I will not go into the question of the relative merits of small and large farms. I was brought up among small farmers, and my knowledge and experience of small holdings and allotments, at all events, coincide with the views of the labourers, who, after all, are the true cultivators of the soil, and who, by their votes, I am thankful to say, are those who point to the undertakings of Feargus O'Connor, and particularly to such places as Snig's End, in Gloucestershire, as evidences of failure of small holdings.

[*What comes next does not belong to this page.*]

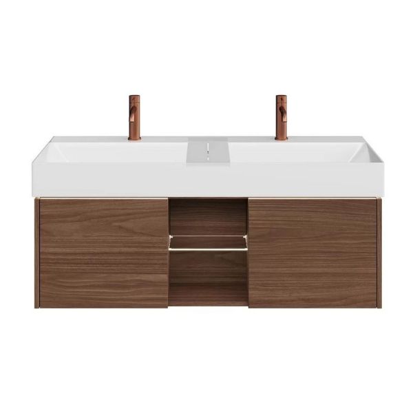 Линейка тумб GRANDE представлена в размере 120 см (габариты 117,8x47x37,3 см). Тумбы в цвете «cтруктурированный орех» предложены в двух вариантах: с тремя ящиками и с двумя ящиками и открытой зоной по центру. Тумбы выполнены из ЛДСП. В тумбах предусмотрено два вида подсветки с сенсорным включением: первая освещает раковину по периметру, вторая установлена между двумя боковыми ящиками и освещает стеклянную полочку из осветлённого стекла. Открытие ящиков реализовано с системой Push-to-Open, простым нажатием на фасад. Внутренняя отделка ящиков – «структурированный орех». Тумба устанавливается только с раковинами GRANDE. В комплектацию входят: гарантийный талон, крепления, инструкция по установке, алюминиевый профиль.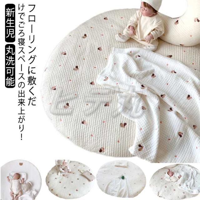 | フローリングに敷くだけでごろ寝スペースの出来上がり! 厚くて柔らかくて、赤ちゃんの夜寝用マットとしておすすめです。遊び用マレイマットにもできます。 また、お子様のお遊びマットとして、おむつ換えやごろ寝、ママのラグマットとしても使えます。 お子様の成長記録の記念撮影や話題の「寝相アート」の背景にもびったりのかわいいデザインのマットです。 | |

If these half-informed people had taken the trouble to enquire, they would have found that even in the case of Snig's End, where men committed the error of trying to live on small plots by growing cereals, distress was not more marked than in the case of the tenant farmers in the same district. Mr Fowler thinks that the land does not require do much manual labour as formerly. The fact is the land was perhaps never in such a filthy condition from the want of labour as it is at present. I know farmers who get twenty bushels an acre, together with a crop of rubbish, from their farms who, with sufficient labour and clean land might get fifty bushels. The land of this country is simply labour-starved, and has not half the number of men employed on it that it ought to have. Mr Fowler speaks of the profitless character of land not suitable for pasture. He is not, perhaps, aware that in countries from which we import some of our best butter there are dairy farms with not an acre of permanent pasture on them. Mr Fowler seems to wish to "give facilities to divide land," by making transfer easy, &c. Is he ready to go to the root of the whole matter, and join in the demand which the people of this country are on the eve of making - that no landowner shall have power, either during his life or at his death, to tie up agricultural lands in any way whatever?

I am, yours faithfully.
JESSE COLLINGS.
Edgbaston, Birmingham, January 28, 1885.